Przez chwilę patrzył na plecy oddalającego się człowieka, potem przeniósł wzrok na zaszytą w bujnej roślinności konstrukcję. Głęboki rów, który wyrył w ziemi kadłub lądującego transportowca zdążył się już wypełnić błotem porosłym młodymi drzewami. Pnie, stłoczone po obu stronach, w znacznym stopniu utrudniały dostęp. Ruszył wzdłuż lewego boku maszyny, z trudem torując sobie drogę przez rumowisko. Dopiero teraz mógł ocenić stan dziobu. Niestety, zmiażdżona, częściowo wprasowana w ziemię kabina pilotów rozwiała wszelkie nadzieje na dostanie się do środka przez otwór po odstrzelonym luku awaryjnym. Fargo wrócił do punktu wyjścia, z pewnym trudem podniósł ciężkie, służące do ratowania ofiar katastrof lotniczych nożyce i podłączył do nich dwa grube kable. Nikły błysk zielonej kontrolki upewnił go, że piloci uruchomili już wszystkie urządzenia. Raniąc nogi o wystające konary, zbliżył się do kadłuba, tuż nad wypukłą osłoną podwozia głównego, tam, gdzie dural poszycia wyglądał na najbardziej osłabiony. Sapiąc z wysiłku, wepchnął jedno ramię nożyc do niewielkiej szczeliny, mocno ujął uchwyty, szukając równocześnie stopami pewnego oparcia na podporze z oślizgłych pni. Przycisnął oznaczony czerwonym kolorem wyzwalacz. Siła przecinająca wynosiła 44,13 kN, co w przybliżeniu równało się naciskowi czterech i pół tony – grube poszycie poddawało się równie łatwo jak papier. Przesunął nożyce i znowu wykonał cięcie. Powoli poszerzał otwór, w parnej atmosferze zalewając się potem od manewrowania ciężkim narzędziem. Jeszcze kilka wyczerpujących siły cięć i spory kawał konstrukcji zapadł się w głąb. Droga była wolna, ale zmęczenie nie pozwoliło mu skorzystać z niej od razu. Po kilku minutach i papierosie wypalonym na roztrzaskanym skrzydle zdecydował się przecisnąć do środka. Klął, że nie pomyślał o zabraniu latarki. Mrok wewnątrz ładowni ledwie rozjaśniało światło wpadające przez wycięty otwór i kilka pomniejszych szczelin. Musiał odczekać dłuższą chwilę, zanim oczy przywykły do panujących warunków, ale nawet teraz orientacja wśród wciąż przymocowanych do podłogi palet była trudna. Powoli, prawie po omacku rozróżnił pięć przypominających trumny skrzyń. Lekki dreszcz przebiegł mu przez plecy. Wiedział, co zawierają – trzech techników i dwóch przydzielonych mu ludzi ochrony. Kiedyś pogrążeni w letargu, teraz zapewne martwi, leżeli tak, jak zapakowali ich lekarze przed startem.
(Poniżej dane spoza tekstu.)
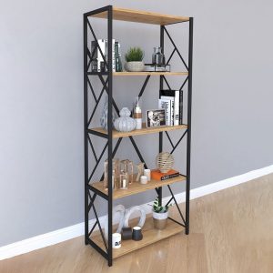 Ραφιέρα τοίχου Garel σε καρυδί-ανθρακί απόχρωση 53,8×19,6×108εκ

Miał ruszyć dalej, kiedy oczy zarejestrowały jakiś ruch. Nerwowo przełknął ślinę. Czyżby dostały się tu węże albo, co gorsza, pająki czy inne jadowite robactwo? Do jego uszu nie dochodził żaden dźwięk. Drgnął, kiedy coś błysnęło pod przeciwległą ścianą. Ostrożnie, rozglądając się na wszystkie strony, zrobił kilka kroków. Kolejny, słabiutki błysk. Jeszcze kilka kroków i znowu… Dotknął masywnej obudowy urządzenia. To dioda, to były błyski zakurzonej, ale wciąż świecącej diody! Chryste, przetrwalniki nadal miały energię! Po raz drugi w tym dniu gorączkowo przeszukiwał zawartość umysłu.

Nie znalazł nikogo o interesującej go specjalności – zmuszony był wybrać inżyniera elektryka. Szybko włączył jego wzorzec i zaczął sprawdzać połączenia. Urządzenie ze świecącą diodą było, jak się domyślał, jednostką centralną układu podtrzymywania życia. Tuż za nią znajdowały się zespoły niezależnych akumulatorów – charakterystyczny symbol ostrzegający przed radiacją tłumaczył ich żywotność – i łącza ciągnące się do każdej z pięciu trumien. „Cholera” – zaklął, zdejmując obudowę chroniącą wyświetlacz komputera – „ci ludzie umierali całymi latami.” Nie miał pojęcia, czy można coś śnić, będąc w letargu – nie wiedział, czy można przespać własną śmierć.